What do we have here? well, i suppose the headline gave it away...can you find it?
Here it is the right way up in an earlier photo. All shots taken in Fanling at the HK golf course butterfly garden.
this photo was taken in November last year, when I was lucky enough to capture the following in a photograph.
Here a large female is laying her eggs, enclosing them in a foamy pouch called an ootheca or egg sack.
When the female produces the ootheca it is soft, and in this case blue....but very quickly it will dry to become firm and quite tough, and in most cases brown. The ootheca protects the eggs until they hatch. Every species of mantis has a different colour, size and shape of ootheca. Our species in Hong Kong can have hundreds of mantis eggs inside just one egg sack. Here below a flower mantis has just laid her eggs, in a long line on some bamboo.
it is a wonderful experience to watch the many, many tiny little hatchlings emerge and then disperse, so tiny and fragile.
Because we live in a temperate zone, many of the insects in Hong Kong will not live or be active through the winter, and most will begin to disappear when the temperatures fall below 15-18degrees (although some will reappear on hot sunny days).

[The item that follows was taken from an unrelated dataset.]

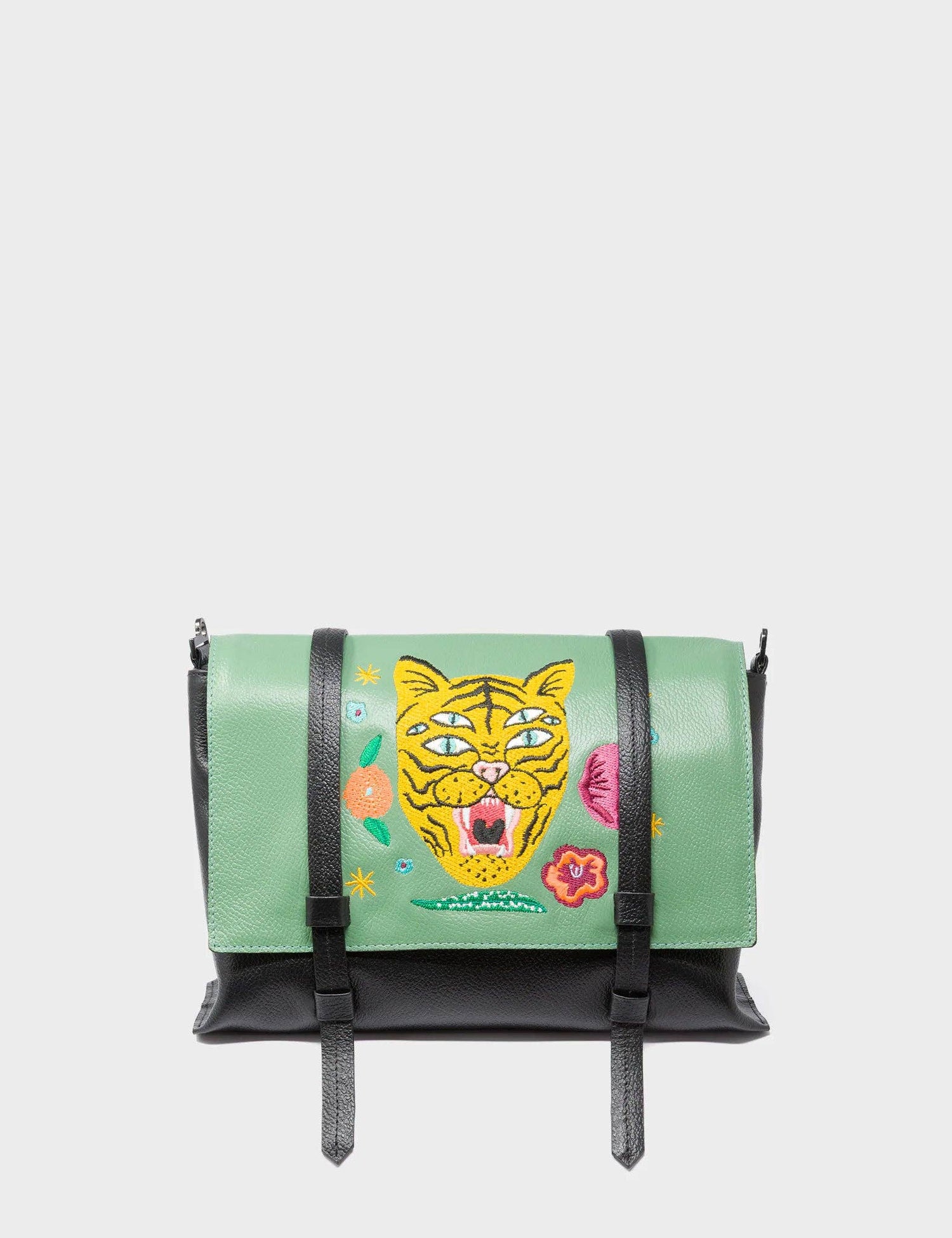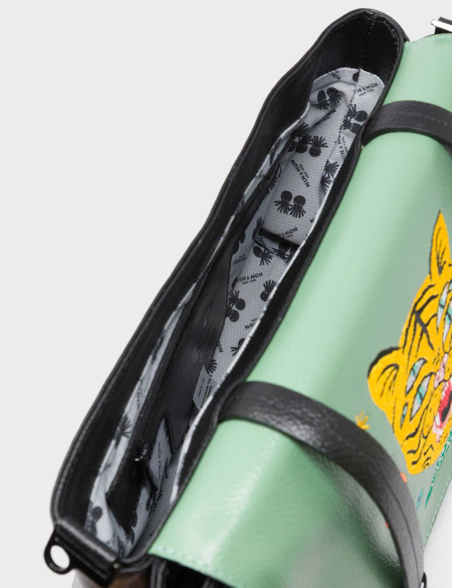 Victor Basil Green Reversible Small Messenger Bag - Happy Tiger Design

Our species of mantis need a diapause, (tropical species do not). A diapause is a pause in development in winter, making it possible for the mantis to produce its eggs in fall and have the nymphs hatch in spring. Low temperature will arrest the development of the ootheca.
So the females will lay the ootheca in fall, after which all adult mantises die. The eggs inside the ootheca will rest until spring, when the nymphs will hatch and grow up to repeat the cycle.